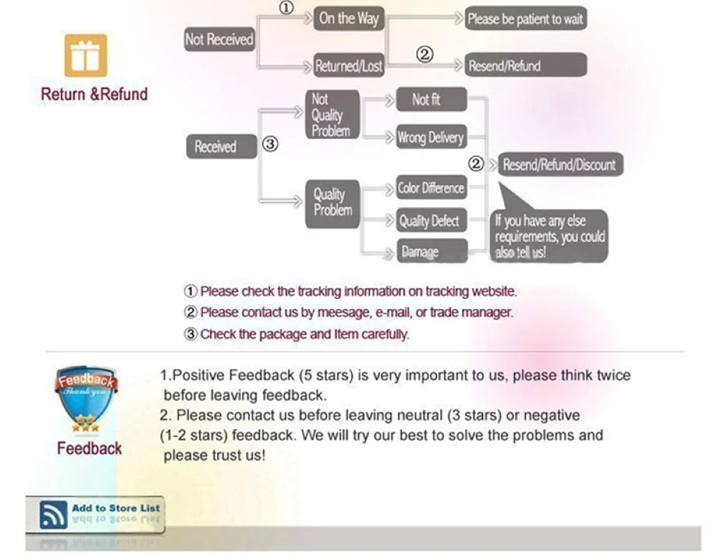 2, If you like our service and products, 5 stars rating positives feeback and upload picture would be appreciated.
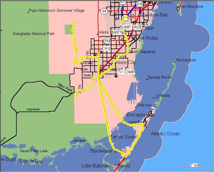 | On September 1, 2001, a group of 10 active hams toured some locations in South Dade. Part scouting trip, part hike, part educational, part history documentation. While it was a lot of fun, it also gives us information about locations around Miami-Dade where we might be called to help. I really need help explaining this stuff, so please try to describe the things we found and drop me an e-mail. I know the 'old timers' and my fellow natives know a lot of stuff about this area. Here's a map of our trip: We started at Dade Corners, US 41 and Krome, but the track starts while we were at the first new location, Chekika Park, then 'hole in the wall' to the north, then south we found a new pumping station. While some in the group tested their vehicle's water proofing, I documented a water level telemetry station. From there, lunch at a BBQ place near Krome and SW 248 St. We tried to get to the AreoJet facility, but found a road closed. Which of course increased our curiosity even more. There's some history down there! We found an interesting phone company installation along the way. A quick stop outside an old AT&T microwave tower and over the horizon long distance facility. Another brush with history at an abandoned military radar and maybe missile base. Some pictures, but not enough to document all of it. A stop for drinks at the Circle K in Key Largo, then up the 18 mile stretch to the C111 Canal. Sally explained it's history and plans to fill it to restore the Everglades. After this, we drove north to Florida City where we split up and headed home. We were on this tour of South Dade from after the ARPSC Meeting at about noon until about 6:30 PM. Quite a day.
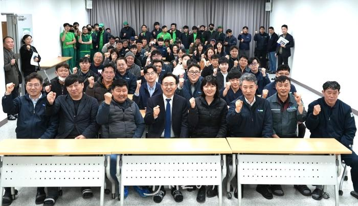 이날 나주시 관계자들은 나동훈 축산물공판장장의 안내로 주요 시설을 둘러본 뒤, 공판장 임직원과 입주업체 및 협력 기관 관계자들에게 감사의 뜻을 표했다.
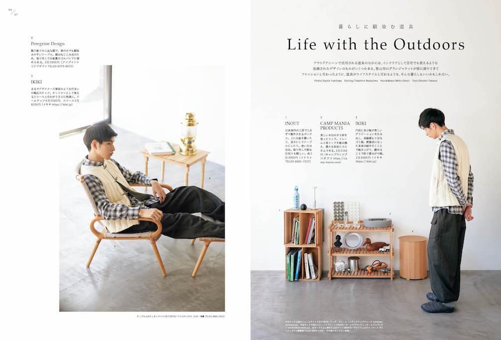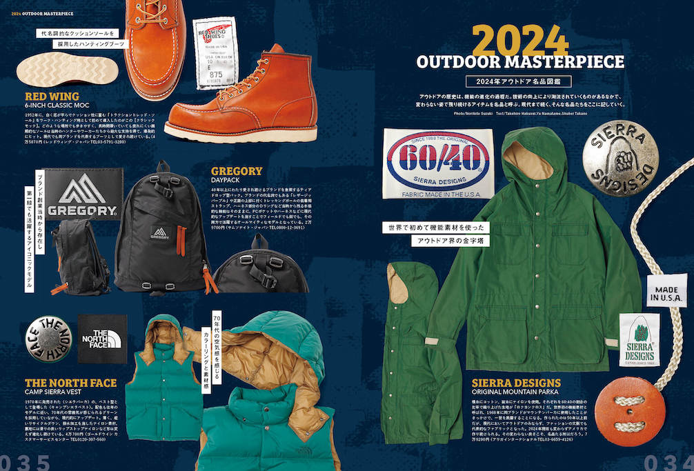 そんなアウトドアトラッドを構築するために、知っておきたいアウトドア名品やアウトドアミックスのスタイルサンプル、アウトドアギアの紹介や、日本におけるアウトドアの聖地・中目黒のショップリストなど、様々な角度からアウトドアを掘り下げてみた。アウトドアアイテムを、普段のフィールドである“街”で楽しむためのヒントが詰まった渾身の特集。この冬 の装いはアウトドアトラッドで決まり!

**What is needed:** Output the whole listing without change. Any picture is to be left out.

**Response to the task:**
 2, If you like our service and products, 5 stars rating positives feeback and upload picture would be appreciated.
 | On September 1, 2001, a group of 10 active hams toured some locations in South Dade. Part scouting trip, part hike, part educational, part history documentation. While it was a lot of fun, it also gives us information about locations around Miami-Dade where we might be called to help. I really need help explaining this stuff, so please try to describe the things we found and drop me an e-mail. I know the 'old timers' and my fellow natives know a lot of stuff about this area. Here's a map of our trip: We started at Dade Corners, US 41 and Krome, but the track starts while we were at the first new location, Chekika Park, then 'hole in the wall' to the north, then south we found a new pumping station. While some in the group tested their vehicle's water proofing, I documented a water level telemetry station. From there, lunch at a BBQ place near Krome and SW 248 St. We tried to get to the AreoJet facility, but found a road closed. Which of course increased our curiosity even more. There's some history down there! We found an interesting phone company installation along the way. A quick stop outside an old AT&T microwave tower and over the horizon long distance facility. Another brush with history at an abandoned military radar and maybe missile base. Some pictures, but not enough to document all of it. A stop for drinks at the Circle K in Key Largo, then up the 18 mile stretch to the C111 Canal. Sally explained it's history and plans to fill it to restore the Everglades. After this, we drove north to Florida City where we split up and headed home. We were on this tour of South Dade from after the ARPSC Meeting at about noon until about 6:30 PM. Quite a day.
 이날 나주시 관계자들은 나동훈 축산물공판장장의 안내로 주요 시설을 둘러본 뒤, 공판장 임직원과 입주업체 및 협력 기관 관계자들에게 감사의 뜻을 표했다.
 そんなアウトドアトラッドを構築するために、知っておきたいアウトドア名品やアウトドアミックスのスタイルサンプル、アウトドアギアの紹介や、日本におけるアウトドアの聖地・中目黒のショップリストなど、様々な角度からアウトドアを掘り下げてみた。アウトドアアイテムを、普段のフィールドである“街”で楽しむためのヒントが詰まった渾身の特集。この冬 の装いはアウトドアトラッドで決まり!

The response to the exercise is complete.